The predominance of the “practical” considerations – “immigrants are good for the economy,” “we need tough and smart enforcement,” etc.— framing the arguments in favor of comprehensive reform should be balanced by a simple, but now elusive fact that smashes any of the discursive frames prevailing on either side of the immigration debate: undocumented immigrants are first and foremost human beings whose lives are as sacred as that of any other being.
Although all advocates surely believe this, not all voice it as much as they used to.
Thankfully, the possibilities of the political moment reflected in the election of Barack Obama and a new, more Democratic Congress offer us the best opportunity to return morality to the center of an immigration debate that has reached dangerous levels of absurdity, if the spate of murders of immigrants here in “liberal” New York and other cities are any indicator.

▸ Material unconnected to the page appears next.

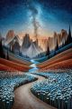 "Starry River and Floral Fields: A Van Gogh-Inspired Dreamscape"
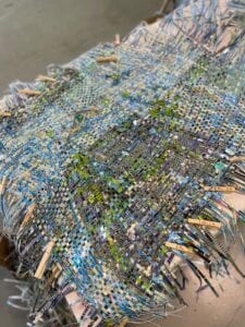 I’ve have the opportunity to use the wonderful 8-ft. long tables in the building. My boss, Brenda, hearing about my misadventures working on half a coffee table, said I could come in and use a table or two and the empty space. There’s no AC but I’ve brought in a fan. I’m not bothered by the heat once I’m “into the weave” or into “the zone.” I take “bathroom” breaks because it’s fully air-conditioned. Wash off my face and then head out to again face the Blue Monster.

Although Mahoney, Bush and other backers of immigration reform have included some moral arguments as part of their case, the Washington, D.C., realpolitik of the past decade has pushed moral considerations into the shadow of the legalization-centered approach. Consider, for example, how Mahoney, Bush and other backers of the failed McCain-Kennedy immigration reform package of 2006 to 2007, were willing to “trade off” the more than 700 pages of punitive immigration policy—increased incarceration, deportation, militarization of the border—for less than 100 pages of punitive approaches to legalization contained in the bill.
While morality cannot be legislated, moral considerations can and must be part of immigration legislation. This is the way it was before the mid-1990s, the period when Washington decided to de-emphasize moral arguments in favor of the realpolitikal legalization approach provided by high-powered pollsters and public relations consultants. This was when the now familiar immigration reform jargon—”smart and tough,” “practical” and “comprehensive”—entered our national discourse on immigration reform. I still remember how uncomfortable I felt during teleconferences organized by the National Council of La Raza (NCLR), the National Immigration Forum (NIF) and other Washington groups at the time. Hearing pollsters and advocates tell us, “Moral arguments don’t work with the voters,” made me nervous. Hearing them then call for “necessary tradeoffs” (code for accepting even more punitive immigration policies in exchange for legalization) as part of “comprehensive immigration reform” scared me.